• Assignment: Could you copy every record exactly, leaving the pictures behind?

[The input — start]

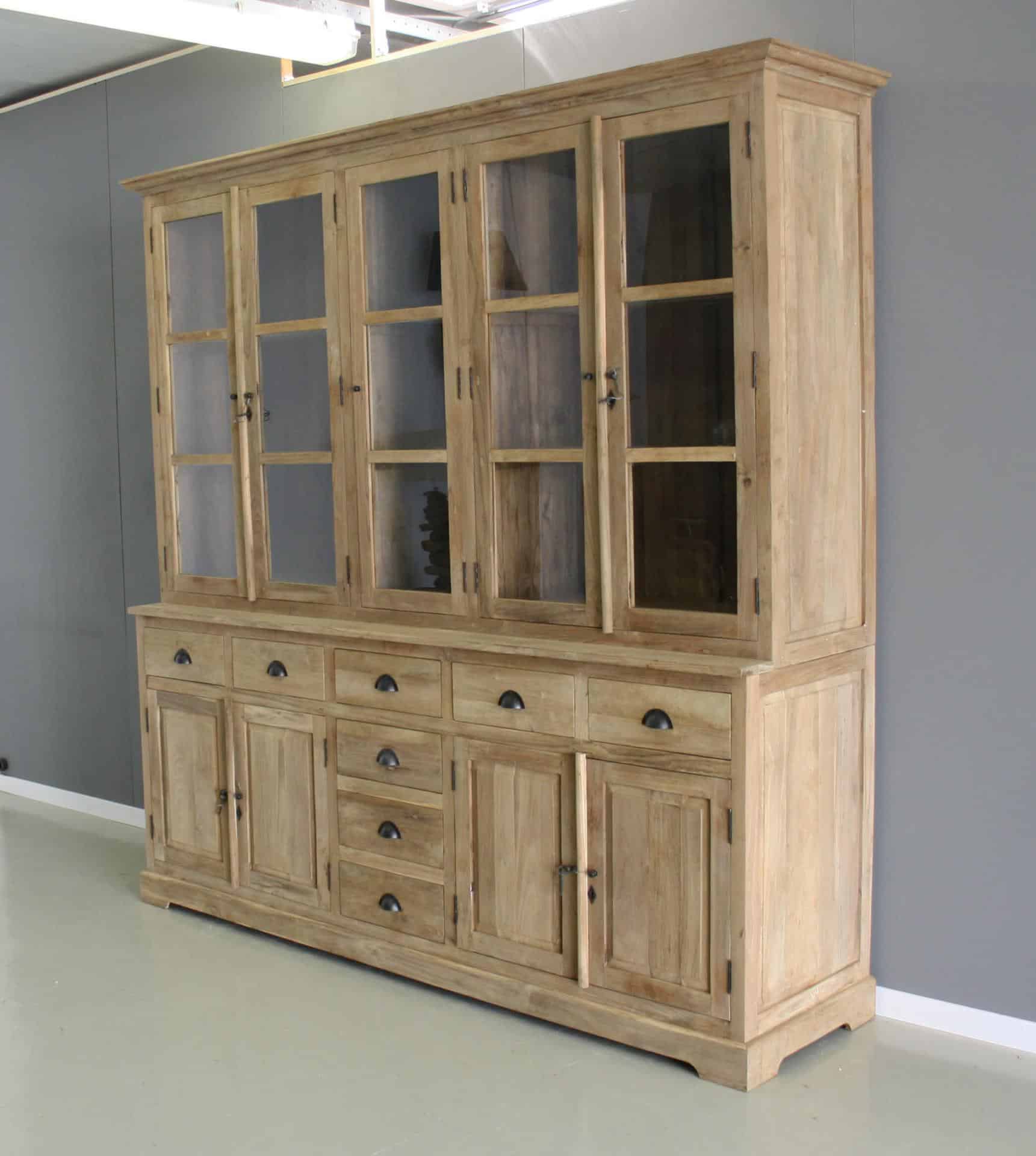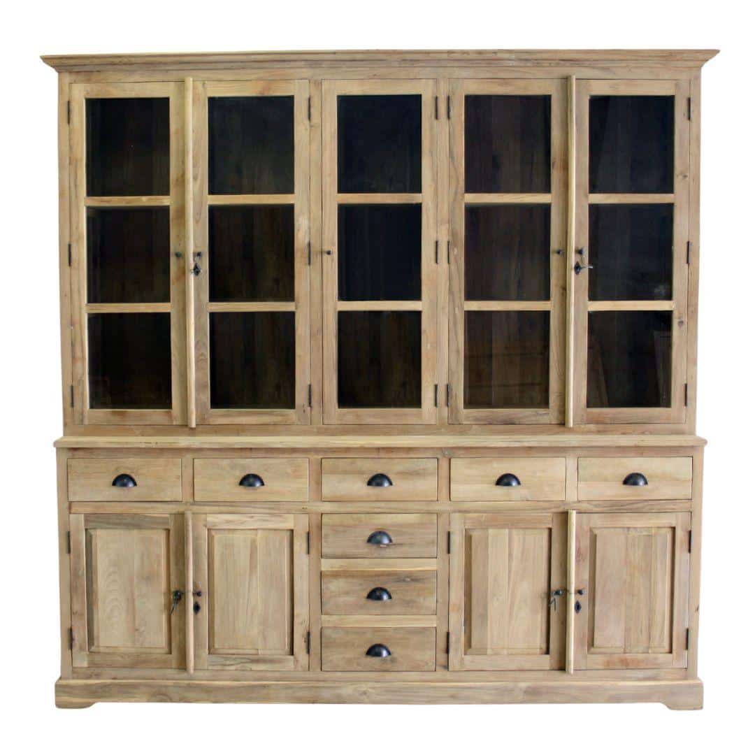 De indeling bestaat uit negen deuren en acht laden. In de teakhout bovenkast worden glazen of houten deuren gebruikt voor zichtbare of afgesloten presentatie, terwijl de onderkast extra opbergruimte biedt met lades en dichte deuren. De constructie van gerecycled teakhout geeft de kast een natuurlijke uitstraling, met subtiele variaties in kleur en nerf.
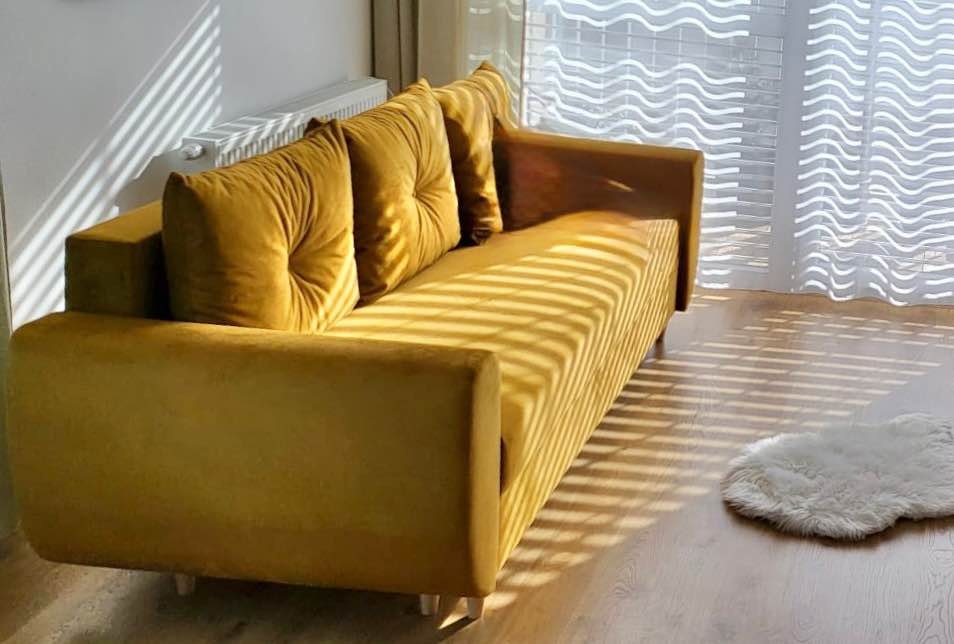 Rozkladacia pohovka 242cm šírka, 90cm hĺbka, hĺbka sedu 50cm. Úložný priestor. 3 miesta na sedenie. Osobný odber Nitra.
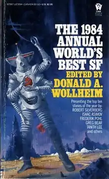 The 1984 Annual World's Best SF is an anthology of science fiction short stories edited by Donald A. Wollheim and Arthur W. Saha, the thirteenth volume in a series of nineteen. It was first published in paperback by DAW Books in June 1984, followed by a hardcover edition issued in August of the same year by the same publisher as a selection of the Science Fiction Book Club. For the hardcover edition the original cover art by Vincent Di Fate was replaced by a new cover painting by Richard Powers.
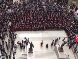 İstanbul Adalet Sarayı'ndaki makam odasında geçen yıl bugün terör örgütü DHKP-C üyeleri tarafından rehin alındıktan sonra şehit edilen Cumhuriyet Savcısı Mehmet Selim Kiraz için anma töreni düzenlendi.
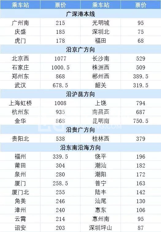 内地主要车站至香港西九龙
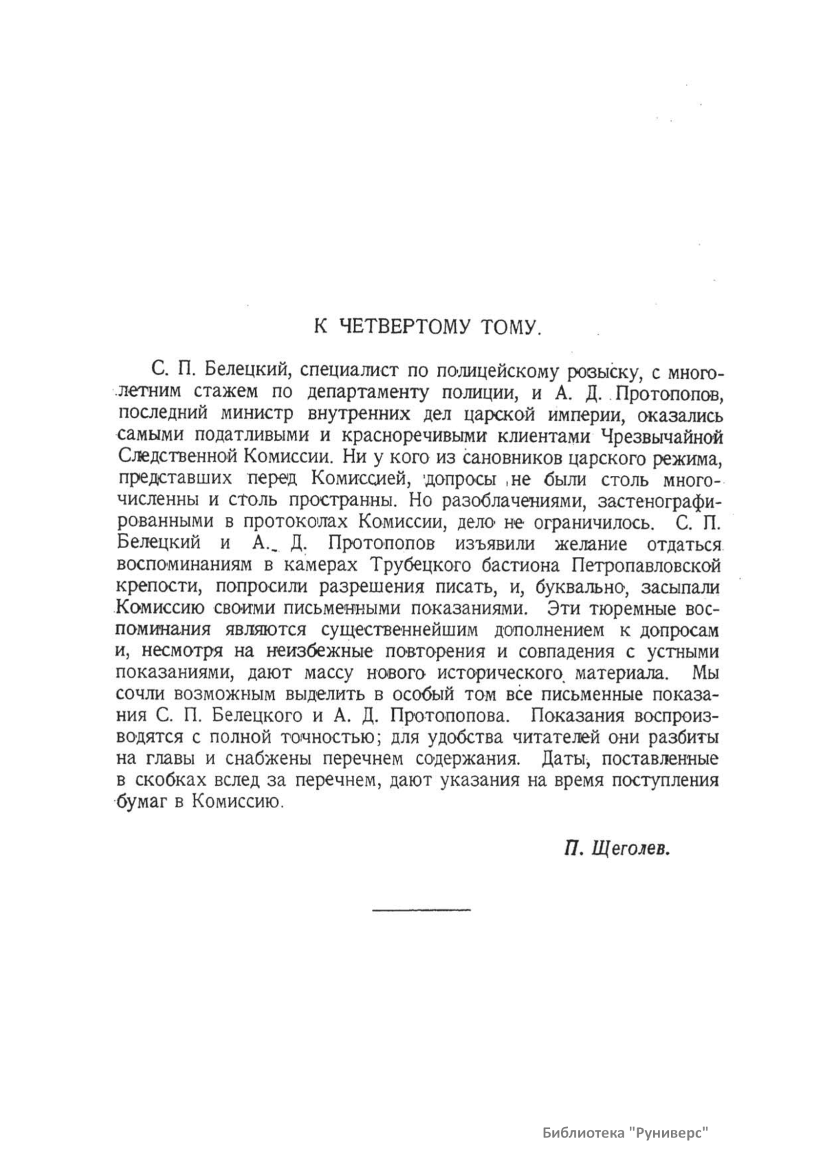 В издании опубликованы стенографические отчеты допросов и показаний, данных в 1917 г. в чрезвычайной следственной комиссии временного правительства. В VII томе (стр. 299) находится именной указатель ко всем томам. Чрезвычайная следственная комиссия Временного правительства для расследования противозаконных по должности действий бывших министров, главноуправляющих и прочих высших должностных лиц как гражданского, так и военного и морского ведомств – чрезвычайный следственный орган, учрежденный временным правительством после февральской революции. 5 марта (ст. ст.) 1917 г. был опубликован указ Временного правительства о создании ЧСК – в октябре 1917 г. расследования ЧСК фактически прекратились, в чем далеко не последнюю роль сыграл приход к власти партии большевиков. В современной исторической литературе разработка темы ЧСК находится лишь в начальной стадии.

[The input — finish]

• Exercise output:
 De indeling bestaat uit negen deuren en acht laden. In de teakhout bovenkast worden glazen of houten deuren gebruikt voor zichtbare of afgesloten presentatie, terwijl de onderkast extra opbergruimte biedt met lades en dichte deuren. De constructie van gerecycled teakhout geeft de kast een natuurlijke uitstraling, met subtiele variaties in kleur en nerf.
 Rozkladacia pohovka 242cm šírka, 90cm hĺbka, hĺbka sedu 50cm. Úložný priestor. 3 miesta na sedenie. Osobný odber Nitra.
 The 1984 Annual World's Best SF is an anthology of science fiction short stories edited by Donald A. Wollheim and Arthur W. Saha, the thirteenth volume in a series of nineteen. It was first published in paperback by DAW Books in June 1984, followed by a hardcover edition issued in August of the same year by the same publisher as a selection of the Science Fiction Book Club. For the hardcover edition the original cover art by Vincent Di Fate was replaced by a new cover painting by Richard Powers.
 İstanbul Adalet Sarayı'ndaki makam odasında geçen yıl bugün terör örgütü DHKP-C üyeleri tarafından rehin alındıktan sonra şehit edilen Cumhuriyet Savcısı Mehmet Selim Kiraz için anma töreni düzenlendi.
 内地主要车站至香港西九龙
 В издании опубликованы стенографические отчеты допросов и показаний, данных в 1917 г. в чрезвычайной следственной комиссии временного правительства. В VII томе (стр. 299) находится именной указатель ко всем томам. Чрезвычайная следственная комиссия Временного правительства для расследования противозаконных по должности действий бывших министров, главноуправляющих и прочих высших должностных лиц как гражданского, так и военного и морского ведомств – чрезвычайный следственный орган, учрежденный временным правительством после февральской революции. 5 марта (ст. ст.) 1917 г. был опубликован указ Временного правительства о создании ЧСК – в октябре 1917 г. расследования ЧСК фактически прекратились, в чем далеко не последнюю роль сыграл приход к власти партии большевиков. В современной исторической литературе разработка темы ЧСК находится лишь в начальной стадии.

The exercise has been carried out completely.